If winter cereals can be overwintered successfully, they will usually have a 20 to 30% yield advantage over their spring planted counterparts.
A major role of winter cereals has been in the protection of light soils against wind and water erosion. Because of fall establishment their roots and leaves help to anchor the soil. Winter rye is usually used for this purpose as areas subjected to wind erosion are often free of snow when winter temperatures are lowest. Winter wheat does not have sufficient hardiness to withstand the Prairie winter without snow cover.
Early maturity of winter cereals reduces the risk of their being lost due to rust. Each year the rust must be reintroduced from Southern areas and the winter crops will usually mature before the disease has built up to levels that cause economic losses.
Because winter cereals establish in the fall and begin growth very early in the spring they compete very well with spring annual weeds such as wild oats, provided thinning of stands has not occurred due to winterkill. Winter annual weeds, especially stinkweed and flixweed, and perennial weeds such as thistles have a growth period coinciding with that of winter cereals. These weeds must be controlled with herbicides. Usually a fall application of a herbicide such as 2, 4-D will give excellent control of winter annuals.

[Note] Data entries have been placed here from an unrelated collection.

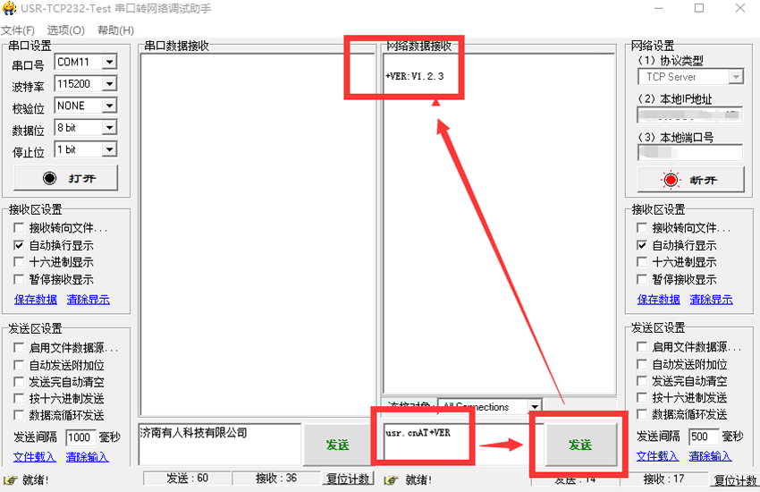 5、通过服务器端网络调试助手发送带有密码(默认是usr.cn)的AT指令可以实现网络AT指令功能,如查询模块版本号可以发送:usr.cnAT+VER?跟回车,如图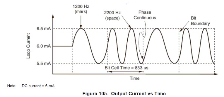 In essence, it accepts a sinusoidal signal of 0.5 Vpp, either 1200 or 2200 Hz, and translates that in an AC current component on the output of 1 mA
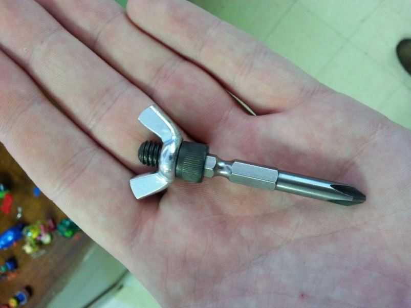Еще проще изготовить маленькую отвертку из металлического мебельного шканта и гайки-барашек. Биту можно вставить любую. Чтобы инструмент надежно работал при вращении против часовой стрелки, резьбу на гайке нужно обезжирить и смазать краской еще до сборки.

Winter cereals, especially rye, have good potential for forage production - both for grazing and hay. Good early season grazing can be obtained from fall rye (May and June). For best results it should be stocked heavily for short periods of time. In many areas fall rye is cut for emergency hay supplies.
Throughout the three prairie provinces about 400,000 hectares are seeded to winter cereals annually. Three-fourths of this area is seeded to winter rye. Rye is generally adapted to the Prairie region, however, it is grown mostly on light, sandy soils where wheat is less productive. Rye production, therefore, is concentrated in Southwestern Manitoba, Southern Saskatchewan, and Southern and Central Alberta. Manitoba, Saskatchewan and Alberta have 15, 50 and 35% of the area seeded to fall rye, respectively.
Winter wheat, on the other hand, is limited because of its lack of cold tolerance to a small area in Southwestern Saskatchewan and another area in Southern Alberta. Of the 100,000 hectares of winter wheat grown, about 85% is located in the Lethbridge area. For comparison, in 1979 there were 9.0, 3.5, 1.3 and 1.1 million hectares of spring wheat, barley, oats and durum wheat, respectively.
Although winter cereals appear to hold the answers to many farming problems there is limited production. There are three major reasons why winter cereals are not used to a greater extent than they are at present:
1. Winter survival is not dependable, especially for winter wheat. Winter crops may be lost due to lack of cold tolerance (especially winter wheat), desiccation, flooding, ice crusting and disease ("snow molds"). Winter survival may be affected by cultural practices as well as the inherent ability of the crop to withstand the various winter hazards it is subjected to.
2. Quality - presently available cultivars of rye produce grain that is less palatable and less digestible than other energy grains for livestock and poultry. In addition, rye when used in distilleries results in reduced throughput (stable foam forms in fermentation tanks and they cannot be filled to capacity and distillation columns are plugged with gum like material).
3. Market outlets are limited because of problems related to survival and quality (above). Winter wheat is graded as hard red winter wheat. In export markets it is in competition with American hard red winter wheat. In these markets it is used mainly for milling into bread flour. In domestic markets it is occasionally milled into cracker, cookie, biscuit and pastry flour. Only small amounts are required in domestic markets. Acreages of winter wheat are not likely to increase greatly until it can survive the prairie winter more reliably.
About one third of the rye crop is sold in export markets where it is used mainly for milling. Supplies for this market are erratic because of variation in sprouting damage from year to year. The major domestic use is in livestock feeds with lesser amounts being used in distilleries. Utilization in these markets is limited because of as yet unidentified quality characteristics of the grain.
What is the future of winter cereals in Western Canada? Winter wheat production is unlikely to expand greatly from its traditional areas unless winter survival becomes more reliable.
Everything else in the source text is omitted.